EXERCISE:
Among the lines below, output only those between the line holding "A miniszteri kijelentések" and the line holding "Duurzame betoncentrale Cirwinn", inclusive, exactly as written and with no pictures.

─── EXERCISE MATERIAL ───

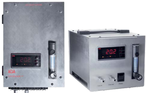
För väggmontage OXYSENSOR™, modell ISM, Portabel OXYSENSOR™, modell POA.
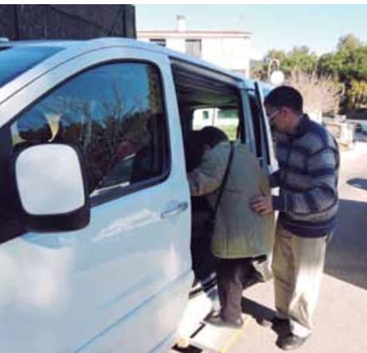
El servei va tancar l'any amb 143 usuaris i usuàries.

Els trajectes es van incrementar un 50% l'any 2015 amb prop de 3.500 viatges.
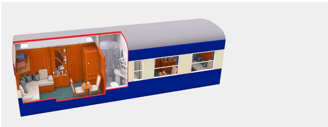
Vista Diurna da Cabine Deluxe Superior
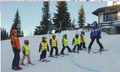
Kinderschikurs am Hochkar
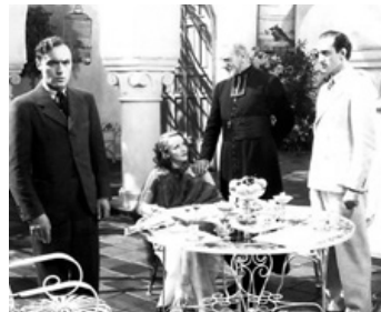
1936 LE JARDIN D'ALLAH (The Garden of Allah) de R. Boleslawski avec Ch. Boyer, M. Dietrich
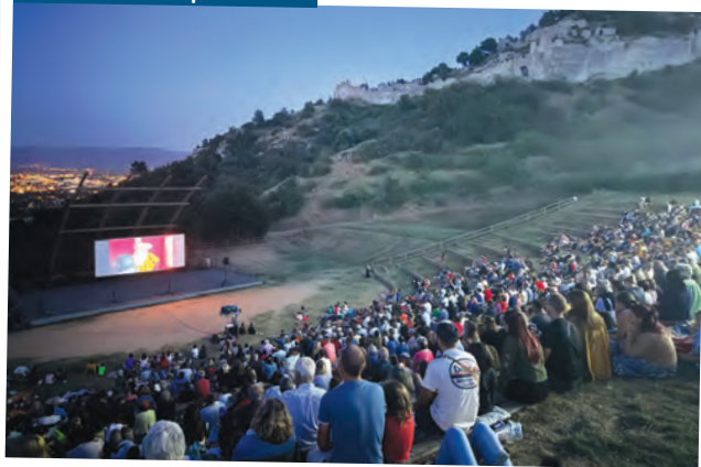
Cinéma de plein air

Le film d'animation Léo , produit par Foliascopes de Saint-Péray, a été mis à l'honneur au théâtre de verdure du château de Crussol. Un public nombreux a également pu apprécier la projection du film Antoinette dans les Cévennes .
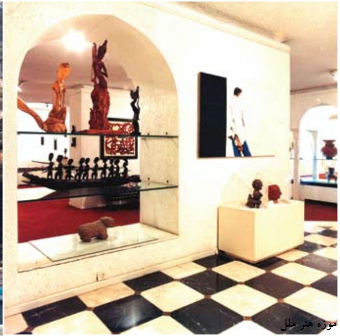
موزه هنر ملی

از سال ۱۳۷۳ تا ۱۳۸۲ در این مکان موزه پژوهشی مردم شناسی دایر بوده و در بهمن ۱۳۸۸ نیز با عنوان موزه تاریخ معاصر و هدایای سلطنتی خاندان پهلوی گشایش یافت.
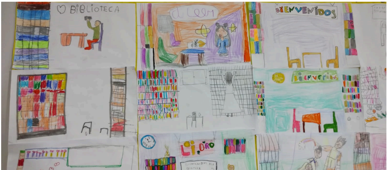
Escuela Primaria N° 67, Tandil.
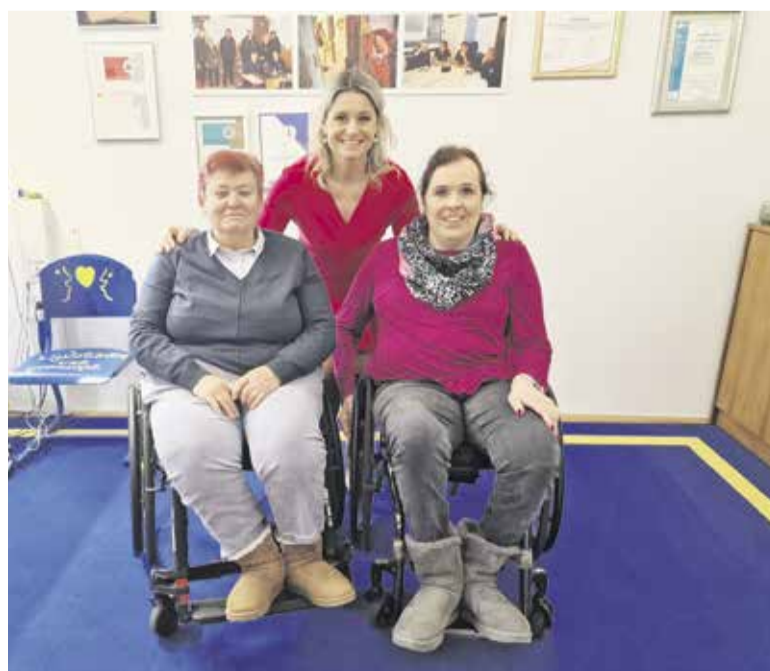
Županja je sprejela predstavnici Društva paraplegikov Ljubljanske pokrajine.
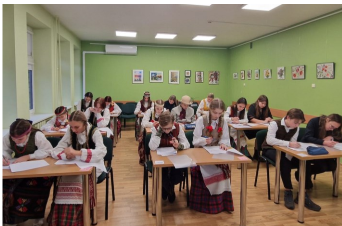
Lietuvos mokinių etninės kultūros olimpiada Švietimo centre, 2024 m. gruodžio mėn.

Organizuojant olimpiadas ir konkursus įstaiga glaudžiai bendradarbiavo su rajono mokyklų mokytojais ir įvairiomis švietimo įstaigomis: VDU, KTU, Vilniaus dailės universitetu, Kauno technologijų mokymo centru, Kauno maisto pramonės ir prekybos mokymo centru bei Kauno kolegijos Menų ir ugdymo fakulteto Menų akademija.
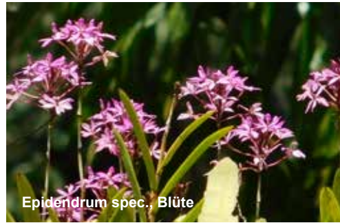
Epidendrum spec., Blüte
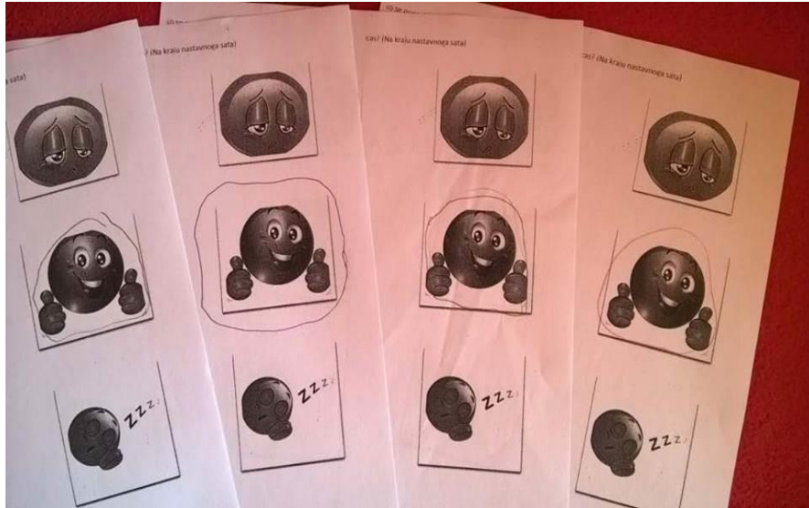
Sl. 5 Evaluacijski listići u završnoj etapi sata
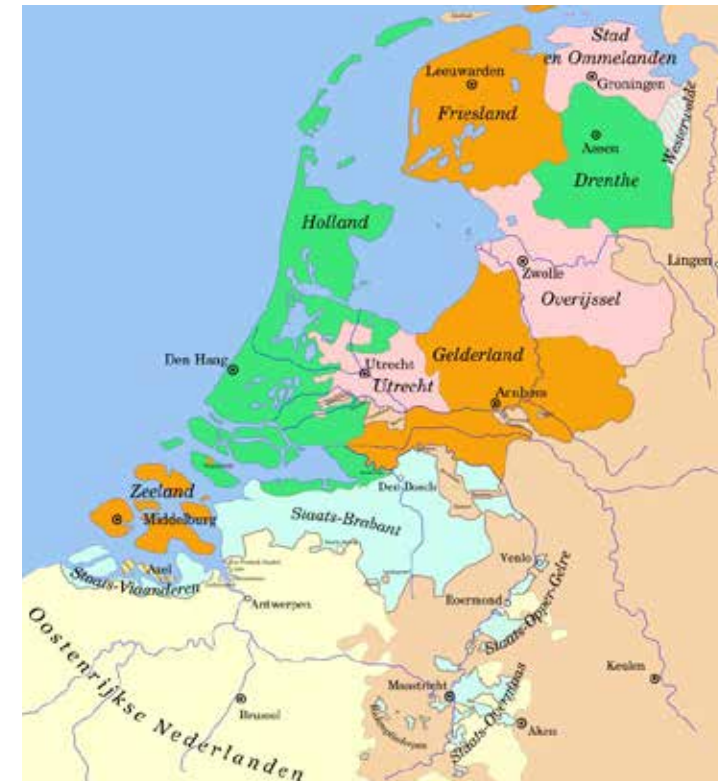
Republiek van de Republiek van de Zeven Verenigde Nederlanden met Staats-Brabant in het lichtblauw (Wikimedia Commons, kaart door Joostik).

Noirot stuurde de drossaard van de Baronie van Breda naar Roosendaal en deze gaf de schout de opdracht naar de pastorie te gaan met de boodschap dat hij deze wilde bekijken, ook van binnen. Hij kreeg echter van een meid door het raam antwoord dat ze niet open zou doen. Het verzoek werd enkele keren herhaald maar de deur bleef gesloten. Ondertussen verzamelden flink wat Roosendalers zich rond de pastorie. In enkele verontwaardigde brieven van Noirot aan de domeinraad is terug te lezen dat de meubels uit de pastorie gehaald werden maar de mensen bleven zitten, later zouden deze alsnog vertrekken maar bleven de deuren op slot en waren te sleutels niet te vinden. Uiteindelijk legden de schout, schepenen, rentmeester en een dienaar een plank over de gracht rondom het gebouw
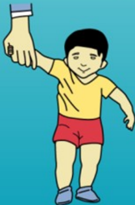
Walks holding on
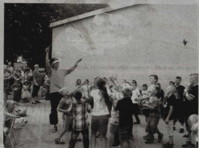
Pokaz dużych baniek mydlanych zawsze wzbudza wiele radości wśród najmłodszych.
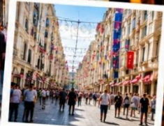
ISTIKLAL STREET (Grand Avenue of Pera) ถนนสายช้อปปิ้ง ยิม ฮีล ครองใจในใจเดียว
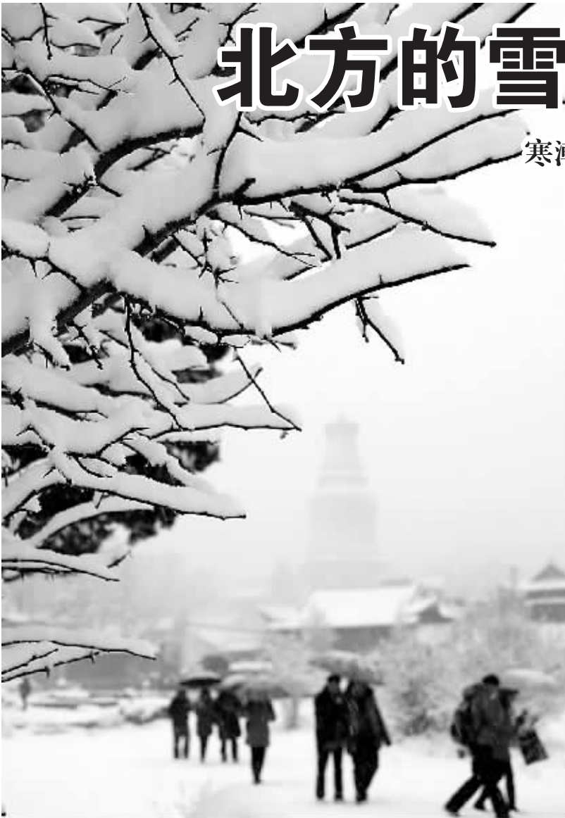
↑ 11月3日，游人在雪后的五台山观光游览。
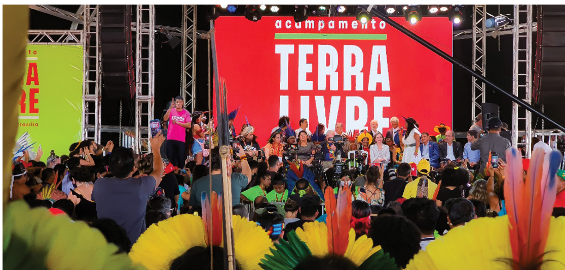
Figura 3 – Visita de Lula ao ATL. A esperança e novos utopismos. Trabalho de campo, abril de 2022.

O território usado defendido e argumentado em uma manifestação que se sustenta pela força de utopismos patrimoniais indígenas é a “expressão mais concreta da nação”, segundo Santos (2000), Santos et al. (2001), Silveira (2008) e Souza (Souza, 2019). A defesa aos usos indígenas do território requer uma visão unificada dos diferentes problemas desses povos, que se reproduzem por decisões legislativas-mercantis do Estado-mercado; seu amparo exige um vigoroso exercício de totalização, pois o território usado, sinônimos de espaço geográfico, também é a totalidade em movimento, que não opera nas ideias parciais ou não dialéticas de exclusão e segregação. O impedimento ao uso indígena do território é mais uso globalizado-tecnificado do território e, simultaneamente, mais luta pelo direito dos povos, como se vê pelo ATL e pelo crescimento do agronegócio no Brasil.
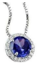
Art. CIT 160 Iolite Diam.ct.0,11 Gold 18 kt. gr. 1,75
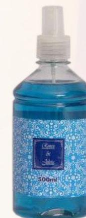
Flor de Tahiti
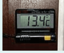
Sıcaklık - T - kelvin
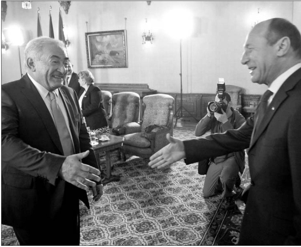
Dominique Strauss-Kahn IMF-vezér és Traian Băsescu államfő – még találkoznak?

A miniszteri kijelentések szintjén egyelőre ellentmondás tapasztalható, a vállalkozók azonban biztosra veszik, hogy küszöbön áll a második IMF-hitel. „Az országnak közel tízmilliárd eurós tartozása van, melyhez még nyolcmilliárdos költségvetési hiány társul. Nem szabad elfelejtenünk, hogy ennek törlesztése jövő évben kezdődik, az államnak eközben még a közalkalmazottak bérét és a nyugdíjakat is biztosítani kell. Mivel más lehetőség lassan nem marad, a pénzalapok előteremtéséhez elkerülhetetlen lesz egy újabb IMF-kölcsön” – fogalmazta meg Matei Agathon, a Román Munkaadók Szövetségének szóvivője a Curierul Național hasábjain. Mint korábban beszámoltunk róla, a belföldi bankpiacról való hitelfelvétel lassan kimerül, miután a pénzügyi intézetek elérték az állammal szembeni kitétségek előírt húszszázalékos maximumát. A fizetésképtelenségi kockázat megnövekedése miatt pedig az európai bankok nem hajlandók kölcsönözni.
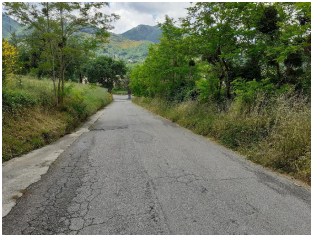
Int. 5.1.4 Loc. Strada San Lorenzo-Pedarreto 1°tratto NORD: 39°56'19.86" EST: E 16°2'49.65"
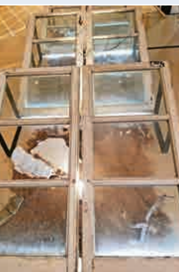
▲透過一扇扇的殘舊窗框外觀內望，是三十五年來藝穗會遺留的門鉸、螺絲釘等「碎屑」，交織着裏外今昔的回憶印記

註：「格外地創：藝穗會的故事」展覽，現正在中環下亞厘畢道2號藝穗會展出，至四月三十日結束。
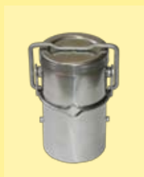
vaso de 500ml
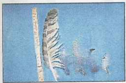
HUBROFJØR: Den store fjøra er 27 cm lang.
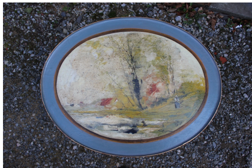
Tableau - "Paysage sur tablette"
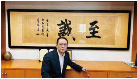
2025年統合される岩見沢東高校と西高校。新設道立高等学校は文武両道を目指し、道教委皆様のお力添えで一步一步しっかりと前進しております。
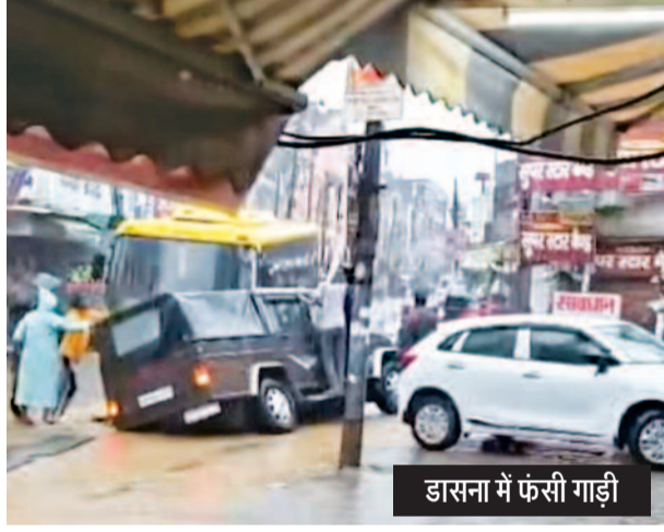
डासना में फंसी गाड़ी

कराने, क्षतिग्रस्त सड़कों की मरम्मत कराने तथा भविष्य में ऐसी स्थिति से बचने के लिए स्थायी समाधान करने की मांग की है।
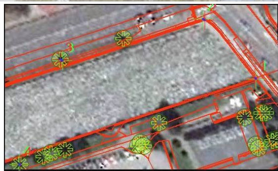
Situácia -ortofotomapa inventarizovaných drevín
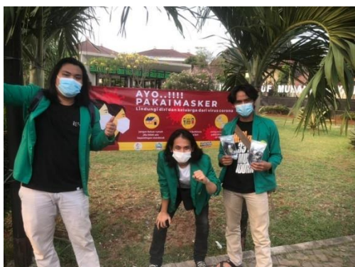
Gambar 4. Pemasangan Spanduk Protokol Kesehatan

agar masyarakat yang melihat dan melintasi kawasan tersebut selalu memperhatikan tentang protokol kesehatan yang benar dengan begitu laju penyebaran virus covid19 dapat terkendali dan masa pandemic ini segera berakhir nantinya.
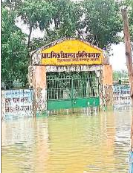
परिषदीय स्कूल में घुसा बाढ़ का पानी।
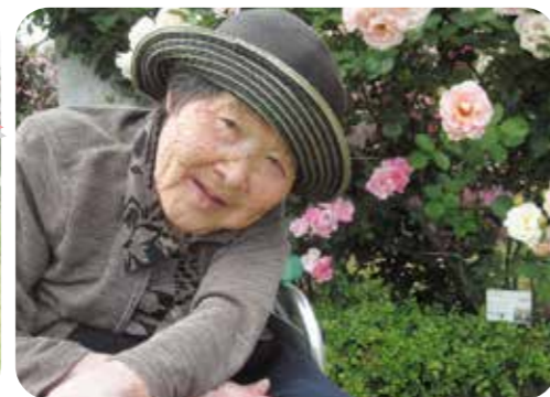
5/20(土)、5/21(日)見頃を迎えたバラの観賞に山口宇部空港に行って来ました。 満開の花にご利用者様の笑顔も満開です
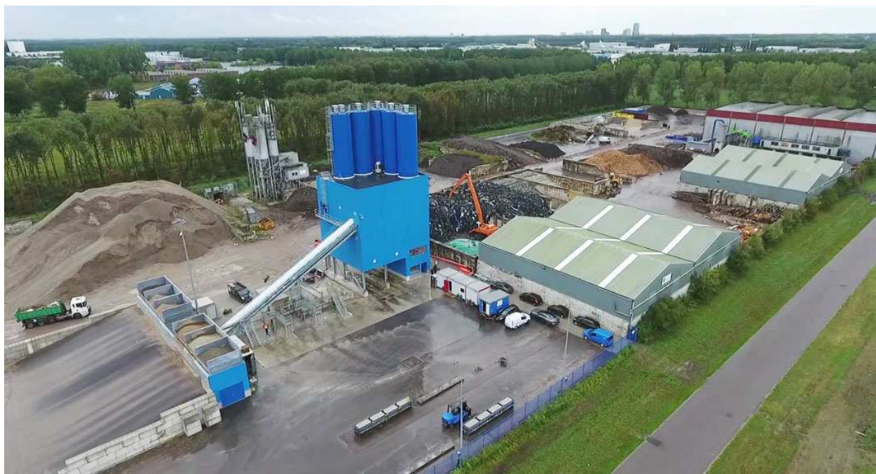
Duurzame betoncentrale Cirwinn

De reden dat we toch kiezen voor deze ketenanalyse is dat Reimert als aandeelhouder van Cirwinn (voorheen Recyclingmaatschappij Vijfhoek Flevoland B.V.) een initiatief is gestart om duurzaam beton te produceren: beton met betongranulaat als grindvervanger en beton met plantenvezels. Dit betekent niet alleen dat er CO 2 wordt bespaard op regulier beton, maar ook dat reststromen duurzaam kunnen worden verwerkt. Met deze ketenanalyse kunnen we de resultaten nauwkeurig monitoren en onze bijdrage aan de reductie van onze eigen CO 2 -footprint en die van Almere in kaart brengen. Hierbij sluiten we eveneens aan bij de doelstellingen van de gemeente Almere, namelijk het reduceren van de CO 2 -footprint van Almere en het faciliteren van nieuwe duurzame energiebronnen.

───

EXPECTED ANSWER:
A miniszteri kijelentések szintjén egyelőre ellentmondás tapasztalható, a vállalkozók azonban biztosra veszik, hogy küszöbön áll a második IMF-hitel. „Az országnak közel tízmilliárd eurós tartozása van, melyhez még nyolcmilliárdos költségvetési hiány társul. Nem szabad elfelejtenünk, hogy ennek törlesztése jövő évben kezdődik, az államnak eközben még a közalkalmazottak bérét és a nyugdíjakat is biztosítani kell. Mivel más lehetőség lassan nem marad, a pénzalapok előteremtéséhez elkerülhetetlen lesz egy újabb IMF-kölcsön” – fogalmazta meg Matei Agathon, a Román Munkaadók Szövetségének szóvivője a Curierul Național hasábjain. Mint korábban beszámoltunk róla, a belföldi bankpiacról való hitelfelvétel lassan kimerül, miután a pénzügyi intézetek elérték az állammal szembeni kitétségek előírt húszszázalékos maximumát. A fizetésképtelenségi kockázat megnövekedése miatt pedig az európai bankok nem hajlandók kölcsönözni.
Int. 5.1.4 Loc. Strada San Lorenzo-Pedarreto 1°tratto NORD: 39°56'19.86" EST: E 16°2'49.65"
▲透過一扇扇的殘舊窗框外觀內望，是三十五年來藝穗會遺留的門鉸、螺絲釘等「碎屑」，交織着裏外今昔的回憶印記

註：「格外地創：藝穗會的故事」展覽，現正在中環下亞厘畢道2號藝穗會展出，至四月三十日結束。
vaso de 500ml
HUBROFJØR: Den store fjøra er 27 cm lang.
Tableau - "Paysage sur tablette"
2025年統合される岩見沢東高校と西高校。新設道立高等学校は文武両道を目指し、道教委皆様のお力添えで一步一步しっかりと前進しております。
डासना में फंसी गाड़ी

कराने, क्षतिग्रस्त सड़कों की मरम्मत कराने तथा भविष्य में ऐसी स्थिति से बचने के लिए स्थायी समाधान करने की मांग की है।
Situácia -ortofotomapa inventarizovaných drevín
Gambar 4. Pemasangan Spanduk Protokol Kesehatan

agar masyarakat yang melihat dan melintasi kawasan tersebut selalu memperhatikan tentang protokol kesehatan yang benar dengan begitu laju penyebaran virus covid19 dapat terkendali dan masa pandemic ini segera berakhir nantinya.
परिषदीय स्कूल में घुसा बाढ़ का पानी।
5/20(土)、5/21(日)見頃を迎えたバラの観賞に山口宇部空港に行って来ました。 満開の花にご利用者様の笑顔も満開です
Duurzame betoncentrale Cirwinn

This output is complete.